貝が「歯」で削る海底のプラスチックごみ ―マイクロプラスチックの新たな発生源―

2026-05-13 三重大学

＜関連情報＞

• https://www.mie-u.ac.jp/news/topics/2026/05/post-4110.html
• https://www.mie-u.ac.jp/news/topics/bc12c12fcc3b4e9c924adbcb0130ccc6.pdf
• https://www.sciencedirect.com/science/article/abs/pii/S0025326X26004066

植食性貝類のプラスチック侵食能力は歯舌の形態，化学的・機械的特性によって決定されるRadular morphology, elemental composition, and mechanical properties determine the plastic-eroding ability of molluscan grazers

Aoi Nakano, Shouji Houki, Rei Yamashita, Tomohiko Kawamura

Marine Pollution Bulletin  Available online: 25 March 2026

DOI:https://doi.org/10.1016/j.marpolbul.2026.119619

Highlights

• Molluscan grazers erode the surfaces of multiple types of plastic.
• Hard mineral–enriched radular teeth enable erosion of even rigid plastic materials.
• Sharp-tipped radular cusps greatly increase the degree of plastic surface damage.
• Grazing produces extremely fine microplastics, often smaller than several tens of micrometers.
• Molluscan bioerosion represents an overlooked biological source of benthic microplastics.

Abstract

Microplastics (MPs) have recently attracted considerable attention as a major marine pollutant capable of infiltrating the digestive tracts, tissues, and even cells of marine organisms, potentially causing severe biological impacts. To date, the primary drivers of MP generation in marine environments have been regarded as abiotic factors such as wind, waves, and ultraviolet radiation, with coastal and surface waters recognized as the main source areas. In benthic environments, however, the activities of bioeroding organisms, particularly benthic animals, may also contribute to MP production. Molluscan grazers inhabiting rocky substrates use the radula to scrape algae and sediments from surfaces. Thus, when plastic debris accumulates on the seafloor, molluscan grazing activity may erode plastic surfaces and generate MPs.
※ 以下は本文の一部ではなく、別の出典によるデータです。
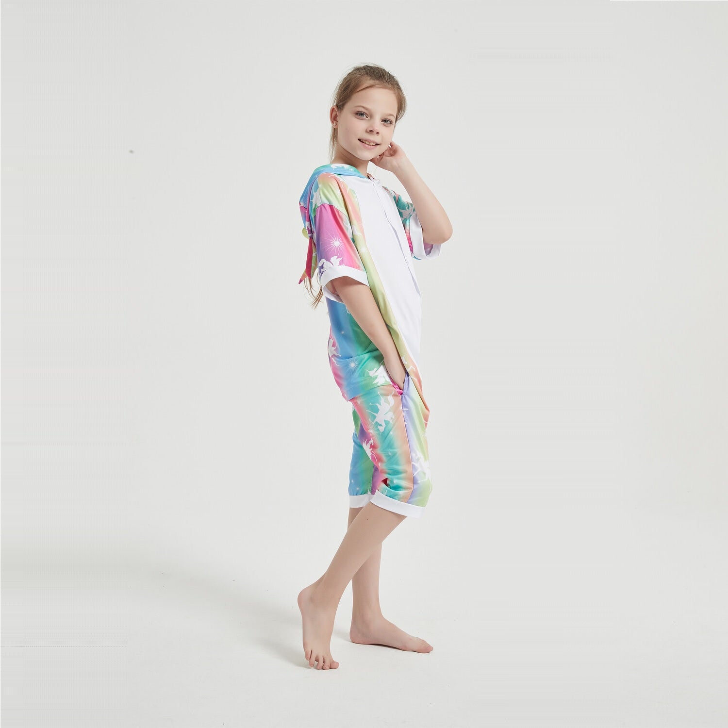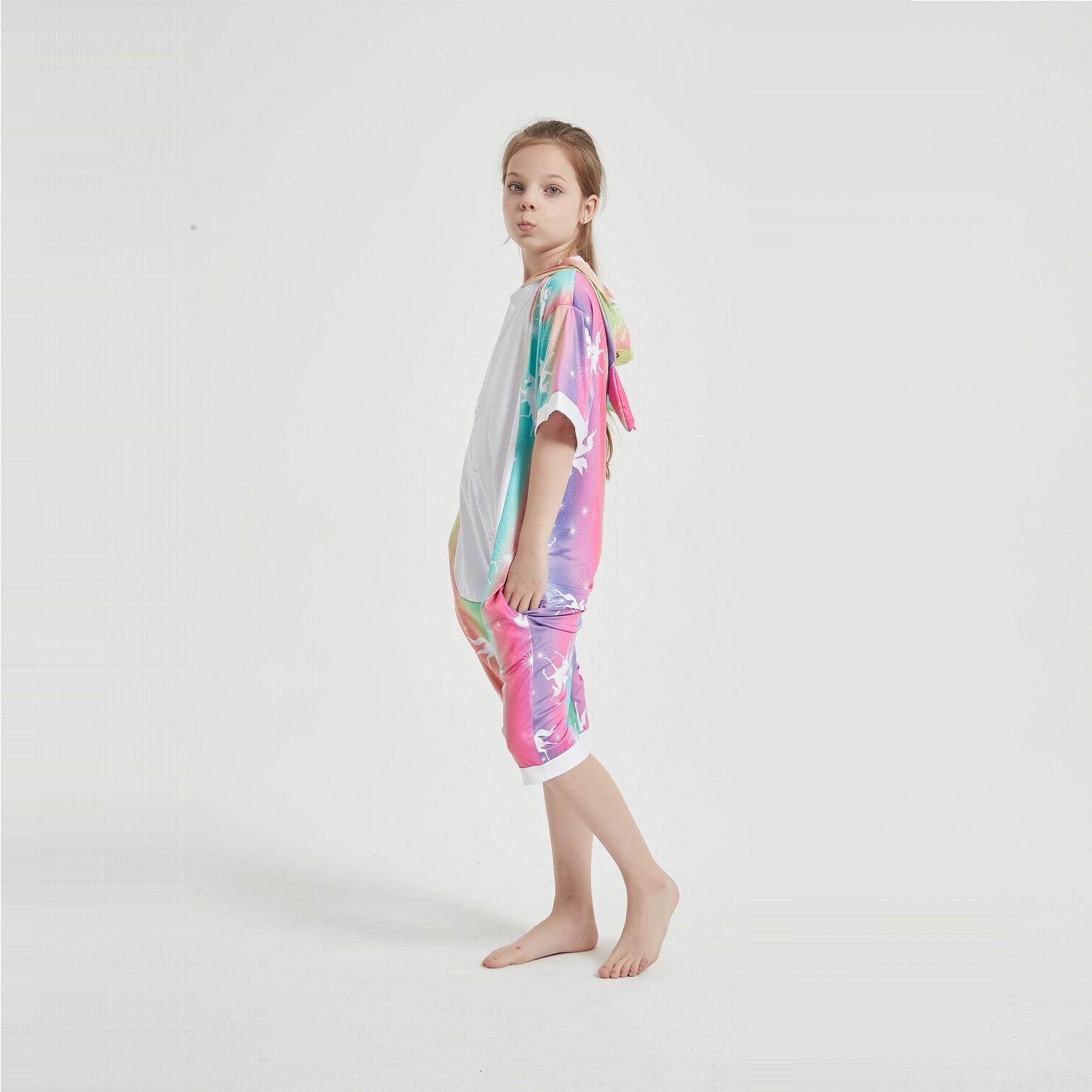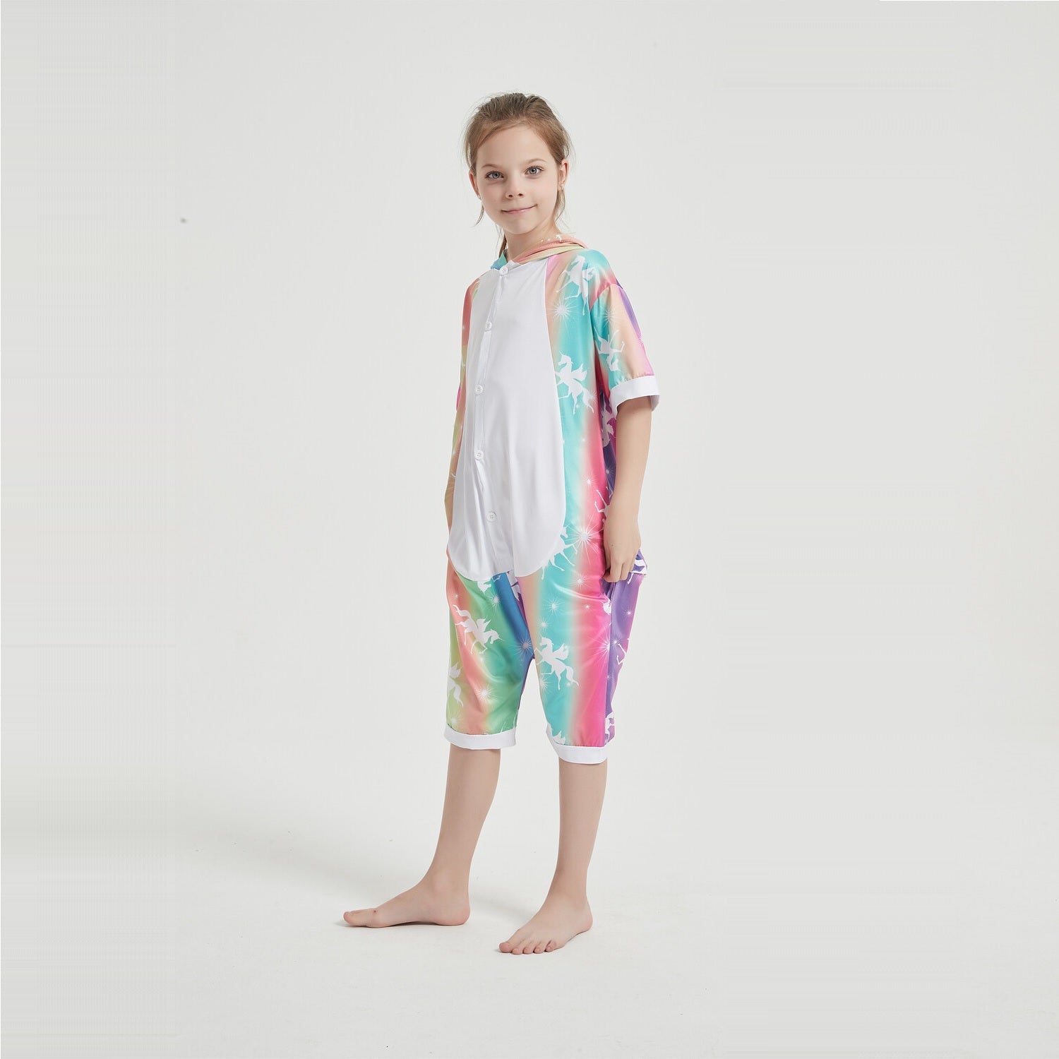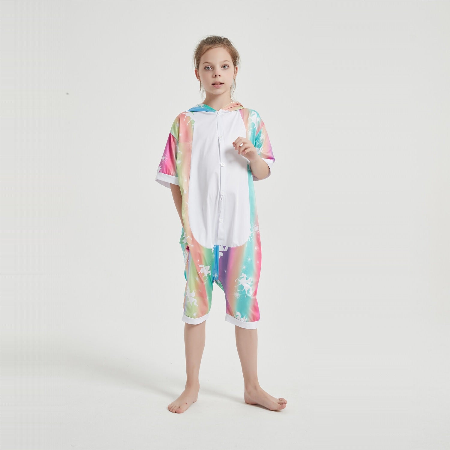 Unicorns are magical creatures and now you can have magical adventures in this soft, comfortable unicorn onesie. This unicorn onesie costume is in a colourful colour and a white stomach. The hood of this summer onesie features a unicorn face with pink ears, a pink mane and a yellow horn. It is the perfect costume for Halloween, dress-up, ComicCon, cosplay, parties or special events.

In this study, we examined four molluscan grazers—two chitons, one limpet, and one topshell—to evaluate whether their feeding activities could erode five types of plastics. We also investigated the relationship between the erosion capacity and the morphology, elemental composition, and mechanical properties of the radular teeth using scanning electron microscopy (SEM), energy-dispersive X-ray spectroscopy (EDX), and nanoindentation analyses. The results showed that all tested plastics were eroded by grazing activity. Species with radular teeth enriched with hard materials such as iron and silica were capable of eroding even hard plastics, whereas those with sharp-tipped teeth caused more pronounced surface damage. Most MPs produced by these grazers were smaller than several tens of micrometers, indicating that such fine particles could pose ecological risks to a wide range of marine organisms.